McCabe was seemingly born to be a Ute skier, although she says she was “open-minded” when it came time to pick a school. Her mother is Laura McCabe, who skied at the U. and then competed at the 1994 Olympics in Lillehammer, Norway, and the 1998 Olympics in Nagano, Japan.
Her father, the late Sean McCabe, also attended Utah before succumbing to thyroid cancer in November 2009 at the age of 46, when Novie was 7 years old and her sister, Dashe, was 3.
Along with leaving Novie a unique first name, her parents have been her inspiration for always striving to be the best, be it in the Olympics or on the college or junior circuits, she said.
“Novie is my real name, but it is not a family name or anything,” she said. “My mom told me that she and my dad heard it on NPR and liked it. There is no other connection, other than that.”
McCabe isn’t too worried about the differences in snow, which she said is a bigger concern for her Alpine counterparts.
“I have not skied these courses. I raced at Lake Placid at Junior Nationals like five years ago, but it was on different courses,” she said. “… The course might be faster or slower depending on conditions, but it is the same for everyone and we don’t have to prepare any differently for that.”
McCabe was on the U.S. cross-country team at the Beijing Olympics, and made three starts during the Games. She finished 24th in the 10m classical, and also carried the third leg of the U.S. 4x5 kilometer relay team that finished sixth. In her final start at the Games, she placed 18th in the women’s 30 kilometer freestyle.
Utah teammate Sophia Laukli was also an Olympian.
“Our main goal is to win for the team and to do the best we can for the team. That kind of takes a bit of pressure off the individual side of things, which is nice, because you are out there doing what you can for the team and if you don’t make the individual results happen, you still have to give it your best for that team result,” McCabe said. “I think it is kind of fun to have both those things in the mix and yeah, we will see how it goes this year.”
Utah director of skiing Fredrik Landstedt has a dynasty going in Salt Lake City, and McCabe said she’s just a small part of a dynamic team.

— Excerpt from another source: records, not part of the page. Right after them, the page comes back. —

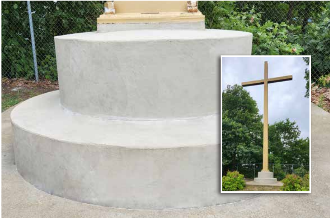
La facilidad de uso de Surface Armor y su rápido tiempo de fraguado permitieron reparar la base de forma permanente en menos de 2 horas, con una interrupción mínima del santuario.
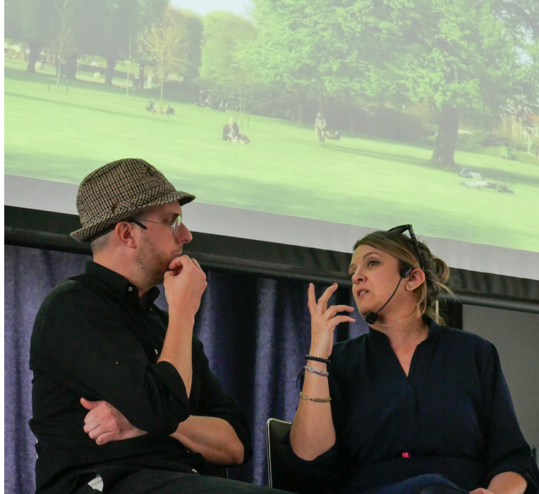
Gli attori di Teatroeducativo
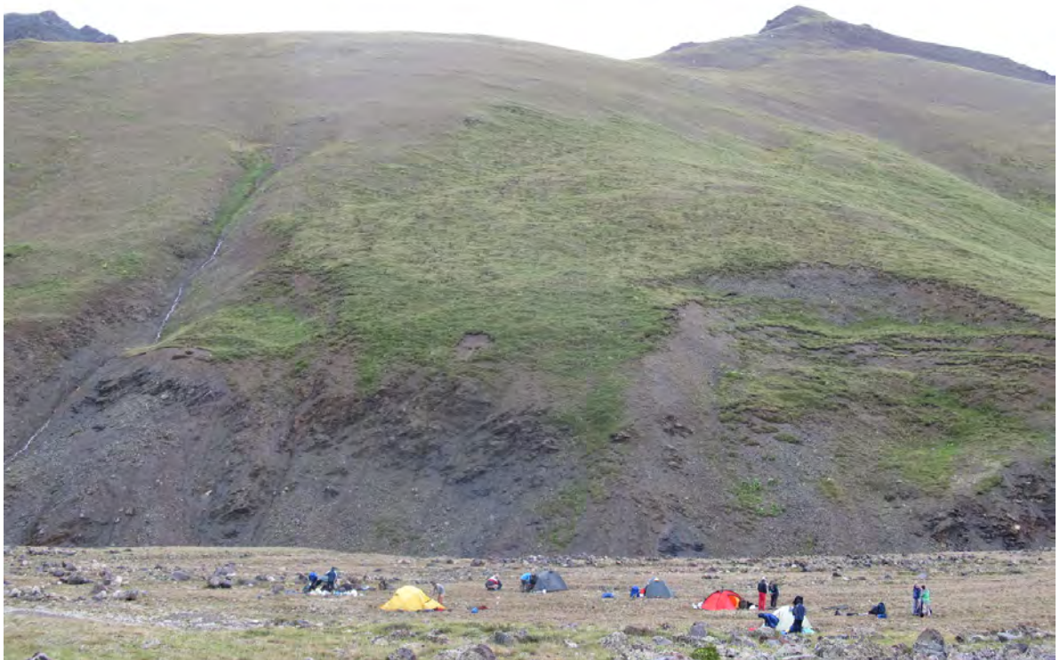
Фото 21 – Стоянка на левом берегу р. Каракаясу, перед перевалом Исламчат

McCabe has racked up 17 individual wins as a Ute, including eight this season. She was the 2023 Rocky Mountain Intercollegiate Ski Association West Regional champion in the women’s classic and women’s freestyle this season.
“Novie has all the pieces required to be a great skier, physically and mentally,” Havlick said. “She is tougher than the rest, is incredibly driven and motivated, but also just a great person and teammate.”

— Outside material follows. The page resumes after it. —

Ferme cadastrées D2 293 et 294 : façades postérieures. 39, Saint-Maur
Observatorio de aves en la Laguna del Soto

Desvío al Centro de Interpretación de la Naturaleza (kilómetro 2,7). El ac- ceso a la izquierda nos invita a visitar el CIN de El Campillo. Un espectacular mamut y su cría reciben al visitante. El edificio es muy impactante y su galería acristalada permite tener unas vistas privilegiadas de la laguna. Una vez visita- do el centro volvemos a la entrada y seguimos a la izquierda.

Last Friday, McCabe was named a Rocky Mountain association MVP, along with three other Utes.
Utah swept the men’s Alpine MVP awards as Wilhelm Normannseth won the slalom award and Gustav Vollo won the giant slalom award. Both skiers are from Norway.
The Utes’ Luke Jager, who is from Anchorage, Alaska, won the men’s classic MVP honors.
“I am super excited for the NCAA championships,” McCabe said. “I think we all are. I feel like everyone on the team is skiing really well right now. I am excited to see some teammates (Laukli and Sydney Palmer-Leger) who have been in Europe that I haven’t seen in a while.”
Palmer-Leger is from Park City.
Other top Utah skiers to watch this week are Madison Hoffman, Michelle Kerven, Celine Mayer, Claire Timmerman, Brian Bushey, Walker Hall, Tom Mancini, Samuel Hendry, Oliver Parazette, Bjorn Brudevoll, Karianne Dengerud and Jeremy Mathers, who competes in men’s Alpine and is from Cottonwood Heights.